This is the story of one of the longest and most thankless scientific hunts in modern physics. Since 2016, physicist Stephan Schlamminger, from National Institute of Standards and Technology (NIST) in the United States, locked himself in his laboratory for a mission: to measure “ Big G », the constant which determines the force of attraction between two masses.
The goal was to replicate a French experience to finally obtain a consensual value. Ten years later, the result is there…and it solves nothing, quite the contrary.
Because far from closing the debate, this result departs from previous measurements, including the experience it sought to replicate. The quest to precisely define the most fundamental force in the universe remains a puzzle.
Why is measuring gravity so complicated?
The main reason is that the force of gravityalthough omnipresent, is cosmically weak. It is by far the most discreet of the four fundamental forces of the universe. This intrinsic weakness makes its measurement in the laboratory extremely delicate.
In the laboratory, scientists must use relatively small masses, which therefore generate only tiny forces. The challenge then becomes to distinguish this tiny signal from the gravitational background noise generated by everything around us: the building, a truck passing in the street, and even the experimenter.
Isolating the intended interaction is a nightmare, transforming every measure of theuniversal attraction in a fight against invisible disturbances.
What is the new value of G and why is it disappointing?
The fateful figure revealed by the NIST team is 6.67387×10-11 m³/kg/s². To the layman, this number doesn’t mean much. But for metrologists (scientists specializing in measurement), it’s a little bomb.
This value is in fact 0.0235% lower than that of the French experience which it was supposed to confirm. It’s a step forward that looks suspiciously like a step aside, leaving the scientific community in an even thicker fog regarding this famous gravitational constant.
Credit: Schlamminger / IOPScience
The gap may seem tiny, but at this scale of precision it is huge. Schalamminger himself compares it to the fact of “ measure the height of a human being and be wrong by a millimeter or two ».
In the world of fundamental constants, where some are known to eight decimal places of precision, such uncertainty in the value of G is judged “ quite embarrassing “. The mystery, far from dissipating, thickens.
How did this experiment attempt to avoid the mistakes of the past?
Aware of the pitfalls, Schlamminger has implemented an absolutely rigorous protocol to protect himself from the researcher’s greatest enemy: through the experimenter.
To avoid being unconsciously influenced by the expected results, he asked an external colleague to add a random value to the masses used. The code to decipher this modification has been sealed in a secret envelopewhich Schlamminger only opened at the very end of his scientific experience.

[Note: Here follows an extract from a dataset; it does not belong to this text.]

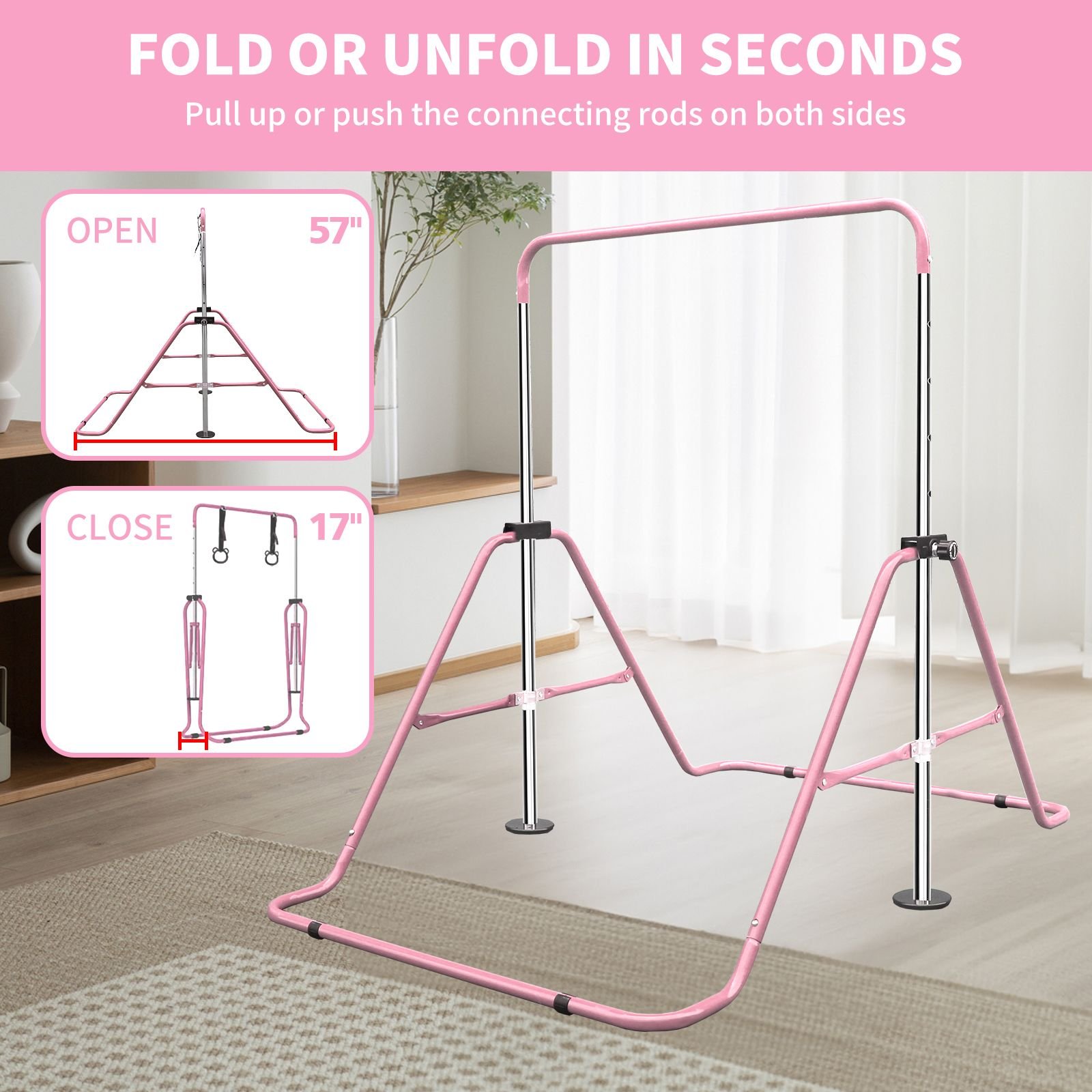 [FOLDING GYMNASTICS BAR FOR HOME] This gymnastics bar is designed to be portable and retractable. It is very easy to fold and carry, kids can enjoy gymnastics training anytime and anywhere.

This method, called “blind”, guarantees total objectivity of the measurements. Yet even with this precaution, the end result was a surprise. The protocolas rigorous as it was, was not enough to tame G’s elusive nature.
Should you throw everything away? What is the future of this quest?

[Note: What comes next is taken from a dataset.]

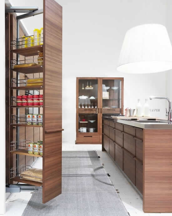 Choosing retractable systems for arranging the kitchen, you need to understand that their main goal is maximum space saving. The most popular in modern design is a hidden view. The main advantage of such systems is that the arrangement of drawers and shelves does not damage the design of the kitchen. At the base are used corner structures, various lockers and even storerooms.

Far from being an assessment of failure, this result is a wonderful lesson in humility and rigor. The team identified several previously overlooked intrinsic effects, such as the influence of residual gas pressure in the vacuum chamber.

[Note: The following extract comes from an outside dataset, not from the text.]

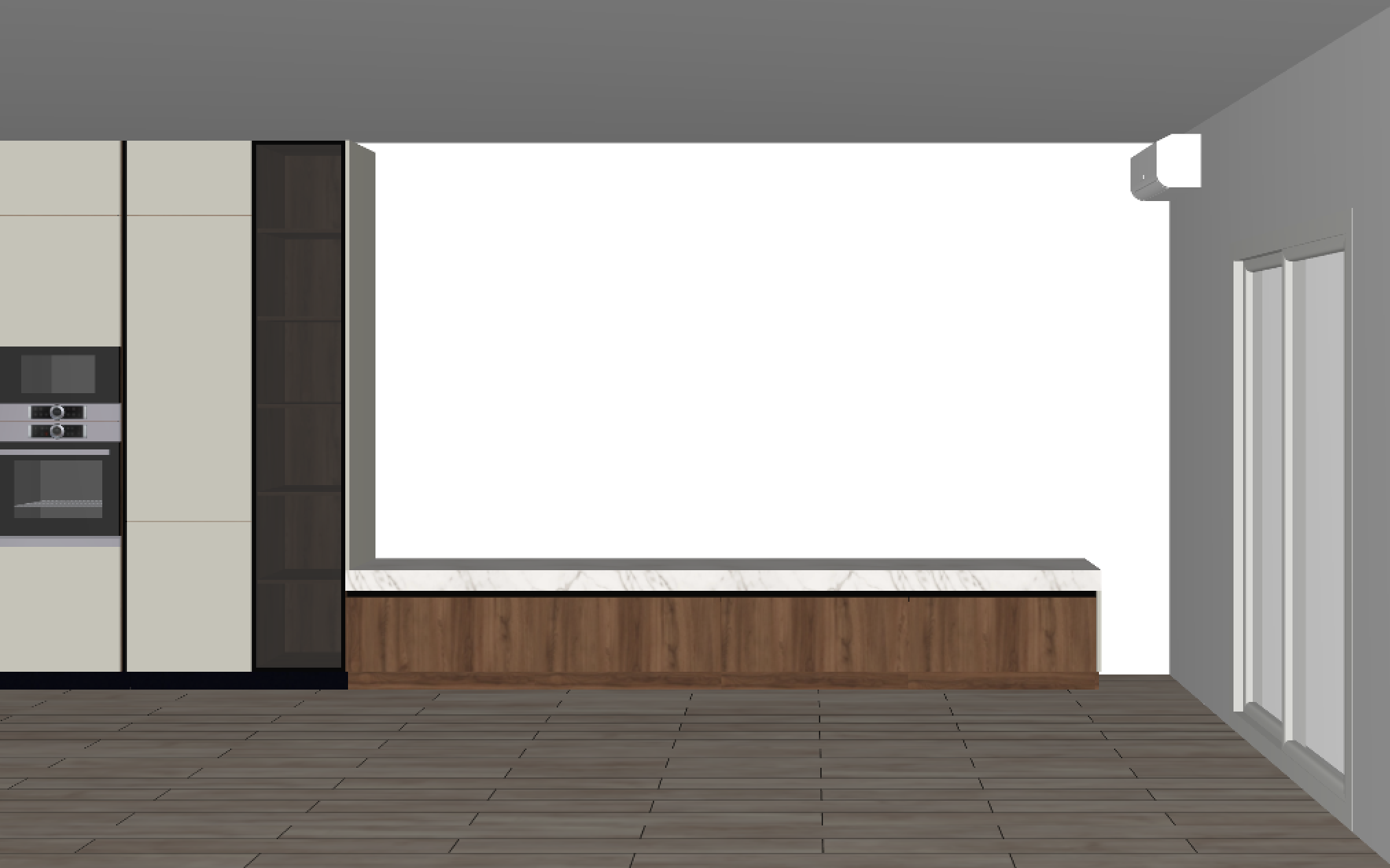 modern kitchen interior sleek and minimalist design the cabinets are in a warm beige color with dark brown wooden accents marble countertop with subtle white and gray veining stainless steel oven and microwave built into the cabinetry smooth gray walls with a slightly lighter ceiling the floor is a dark wood finish with natural grain patterns large sliding glass doors allowing natural light to create a bright and airy atmosphere

The goal was not just to find a number, but to track down the unknown, to expose the flaws in our methods. Science often advances not by finding answers, but by asking better questions. This is the very nature of research into the mystery of gravity.
Stephan Schlamminger does not consider these ten years wasted. His passion remains intact, to the point that he carries the Planck constant, which he helped to fix in 2019, tattooed on the forearm. But he admits he would never get the value of G tattooed on him.
The reason? The number is good too capricious “. An admission that perfectly sums up the challenge that this fundamental constant continues to pose questions to the greatest minds of our time.